Ilmu-Ilmu Tradisional yang Berbau Mistik, Masikah Relevan Masa Kini?

Ilmu-Ilmu Tradisional yang Berbau Mistik, Masikah Relevan Masa Kini? 

Marilah kita mulai dengan mengangkat sebuah cerita tiga orang tokoh di telaga Mawang. Cerita ini diambil dari sebuah Lontara tentang hikayat Syaikh Yusuf Tuanta Salamaka. Ketiga tokoh itu adalah Lu'muka ri Antang, Datoka ri Pa'gentungang dan Tuanta Salamaka. Ketiganya sedang memancing ikan di Mawang dalam keadaan hujan rintik-rintik diselingi sekali-sekali dengan sambaran kilat. Hampir serempak mereka ketiganya menggulung rokok. Setelah rokok digulung, Lu'muka ri Antang menyulut rokoknya pada titik hujan yang menitik melalui saraungnya, yaitu semacam topi (sombrero) yang dipakai oleh petani di sawah ataupun nelayan di laut. Datoka ri Pa'gentungan membakar rokoknya ketika kilat sedang menyambar. Sedangkan Tuanta Salamaka turun ke telaga Mawang, memasukkan tangannya yang memegang rokok hingga siku, kemudian menarik tangannya keluar air, dan menyalalah rokoknya. Cerita itu berbau mistik. 
Sebenarnya di situlah letak kejeniusan nenek moyang kita. Menyelipkan cerita yang berbau mistik dalam suatu cerita. Perisitiwa di telaga Mawang itu sebenarnya mengandung sebuah pesan berupa ilmu yang tersirat, yang perlu disimak, dicerna dengan mempergunakan akal budi. Apa yang diceritakan pengarang hikayat Tuanta Salamaka di telaga Mawang itu mengandung ilmu yang tersirat, yang disajikan dalam gaya perumpamaan, yang kelihatannya berbungkus mistik. Inilah gaya para ilmuwan nenek moyang kita. Inilah gaya dalam ilmu tradisional, yang tidak disodorkan secara langsung, melainkan harus disimak apa yang tersirat dibalik bungkusan mistik itu. 
Adapun Lu'muka ri Antang yang menyulut rokoknya di titik air hujan yang menitik melalui saraungnya, maksudnya adalah suatu sikap attayang panggamaseang batu ri Allataala. Menanti Rahmat Allah SWT. Menanti bukan sembarang menanti, melainkan menanti dengan mempersiapkan diri untuk Rahmat Allah. Ini dilambangkan dengan saraung di atas kepala. Tanpa saraung ia tidak akan mendapatkan titik air yang dikehendakinya. Secara ruang lingkup yang lebih luas, sikap menanti Rahmat Allah SWT, adalah mereka para petani yang mengerjakan sawah tadah hujan. 
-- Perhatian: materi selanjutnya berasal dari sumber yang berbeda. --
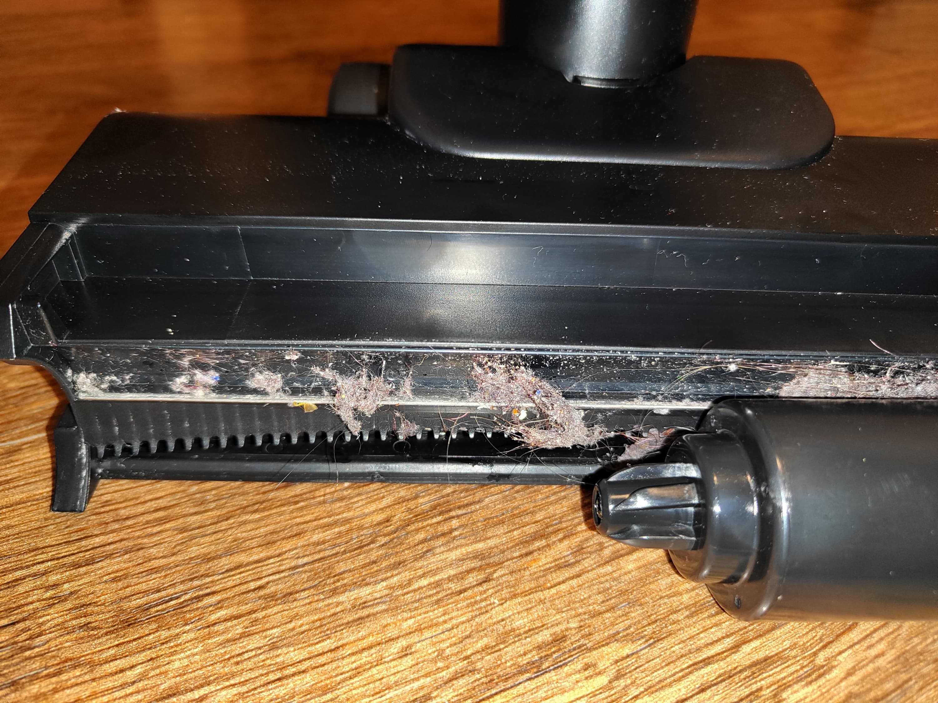 Пылесос отлично проявил себя при уборке линолеума и ламината, хорошо при мытье кафельного пола. А вот чистка ковра проходила утомительно: следовало несколько раз провести по одному и тому же месту, чтобы с участка были убраны волосы, нитки и мелкий мусор — их с низкого ворса ковра ролик щетки подхватывал неохотно.

Adapun Datoka ri Pa'gentungang yang membakar rokoknya melalui sambaran kilat, melambangkan suatu sikap yang selalu menyiapkan dirinya untuk mendapatkan Rahmat Allah dengan meraih kesempatan yang liwat di depaannya, walaupun yang akan diraih itu melintas dengan sanangat cepat ibarat kilat. Mereka ini di zaman dahulu maupun sekarang adalah para entrepreneur yang sigap. 
Dan yang terakhir, Tuanta Salamaka yang masuk ke dalam telaga adalah melambangkan orang yang sangat bersungguh-sungguh untuk mendapatkan Rahmat Allah, tidak hanya sekadar menunggu seperti Lu'muka ri Antang, juga bukan hanya sekadar meraih kesempatan yang melintas seperti Datoka ri Pa'gentungang, melainkan menyonsong datangnya Rahmat Allah. 
Inilah pelajaran yang dapat kita sauk dari ilmu tradisional warisan nenek moyang kita. Membungkus ilmu yang sangat berguna bagi kita di dalam bungkusan yang berbau mistik. Kesimpulannya ilmu tradisonal yang semacam itu masih sangat relevan hingga dewasa ini dan insya-Allah masih akan relevan di waktu yang akan datang. WaLlahu a'lamu bishshawab.